Shad & river herring

“Shad and river herring” is a category that encompasses four closely-related species belonging to the genus Alosa, including the American shad, hickory shad, alewife and blueback herring. All are anadromous species that spend most of their adult lives at sea, but return to coastal rivers to spawn in early spring. River systems each host their own unique “runs” of fish that generally return to their natal waters to spawn, although some returning fish do wander into other streams, where they can serve to rebuild populations lost to dams, pollution or other causes.
The American shad is the largest and most valued alosine species. Large females can occasionally weigh more than 11 pounds, and the species was such an important food fish in the United States during parts of the eighteenth and nineteenth centuries that author John McPhee dubbed it “The Founding Fish.” Hickory shad are far smaller, rarely if ever exceeding three pounds, and are much less valued as a food fish. The two species of “river herring,” blueback herring and alewives, are the smallest of all, occasionally attaining a maximum length of 16 inches. As commercial species, river herring are far less important than American shad, and are caught primarily for lobster bait, although some are smoked or pickled for human consumption. However, the primary value of both species is as forage fish, which are fed upon by a wide variety of fish, birds and aquatic mammals.
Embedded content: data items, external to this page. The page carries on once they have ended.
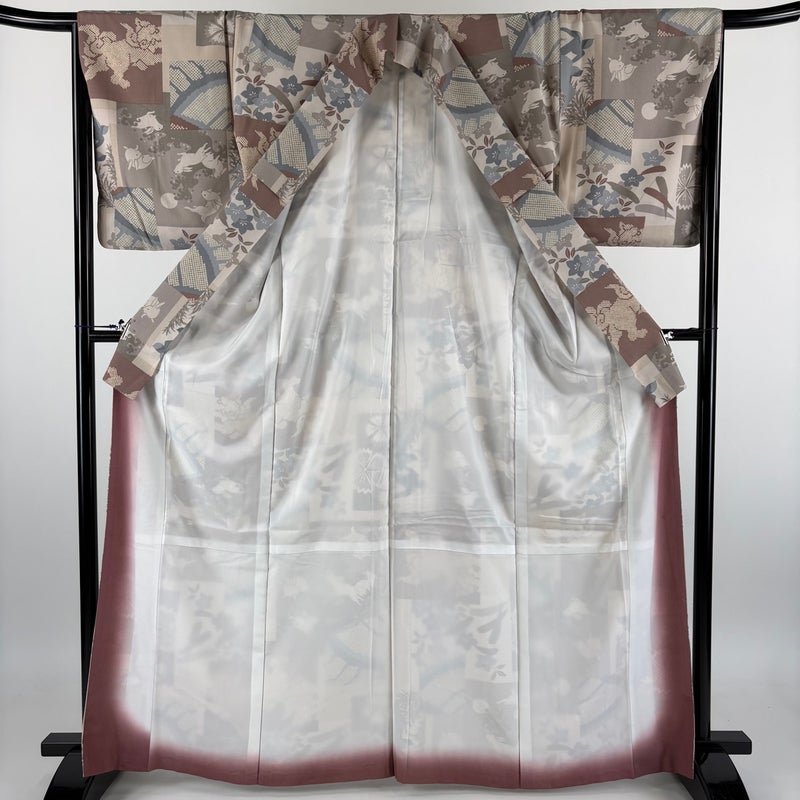 【着物ランク】優品 【素材】化繊 【身丈】約166cm 【裄丈】約66cm 【袖丈】約49.5cm 【袖幅】約34cm 【前幅】約24.5cm 【後幅】約29.5cm 【サイズ】M 【着物仕立て】袷 【着用時期】10~5月 【状態ランク】ランクA 【着物着用シーン】気軽なパーティー、観劇、食事会、正月、気軽なお茶会、街着
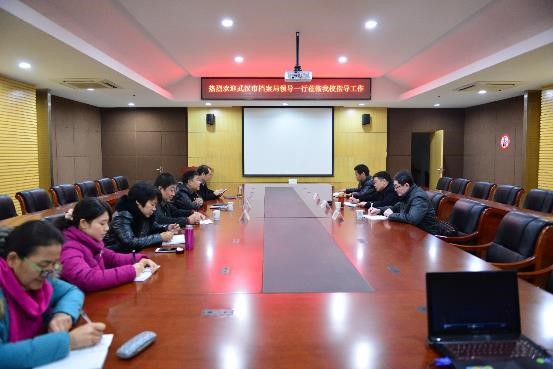 12月17日上午,市档案局局长张明权、业务指导处处长郭加春、业务指导处科长刘腊生一行三人莅临我校档案馆调研、指导档案工作。马蜂校长、郑瑛副校长、董红林馆长及相关同志参加了调研交流与讨论。
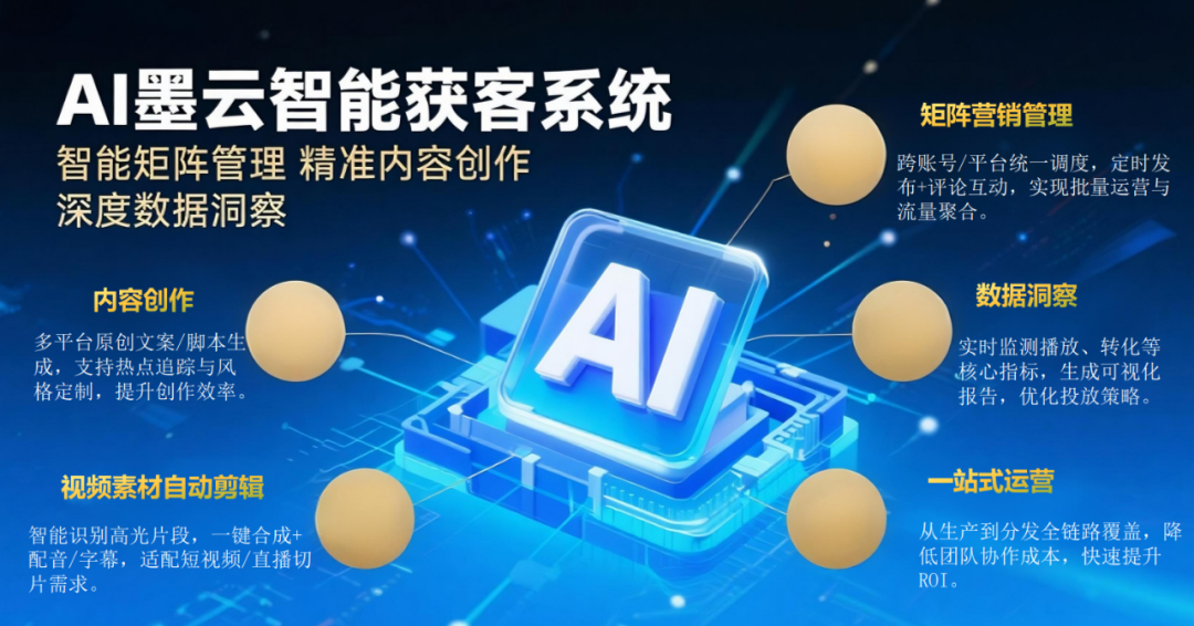 公司为合伙人提供从产品培训、市场推广到客户服务、售后支持的一站式扶持体系,结合“AI墨云智能获客系统”,实现内容创作、矩阵管理、数据洞察全链路覆盖,提升运营效率与转化率。

All four species of shad and river herring are included in the Atlantic States Marine Fisheries Commission’s Interstate Fishery Management Plan for Shad and River Herring; the National Marine Fisheries Service does not manage any of the species while they are at sea, although it does limit shad and river herring bycatch in large-volume fisheries for Atlantic herring and Atlantic mackerel. Episodes of bycatch in such large-volume fisheries can cause significant harm to shad and river herring stocks; coupled with the effects of past overfishing, and restricted access to spawning grounds caused by dams, pollution, dredging, etc., the abundance of all four species has declined substantially. The health of the various shad and river herring runs differs from river to river. However, on an overall basis, both American shad and river herring are deemed to be “depleted” by ASMFC; no formal assessment of the hickory shad population has taken place, although abundance of that species also appears to have declined.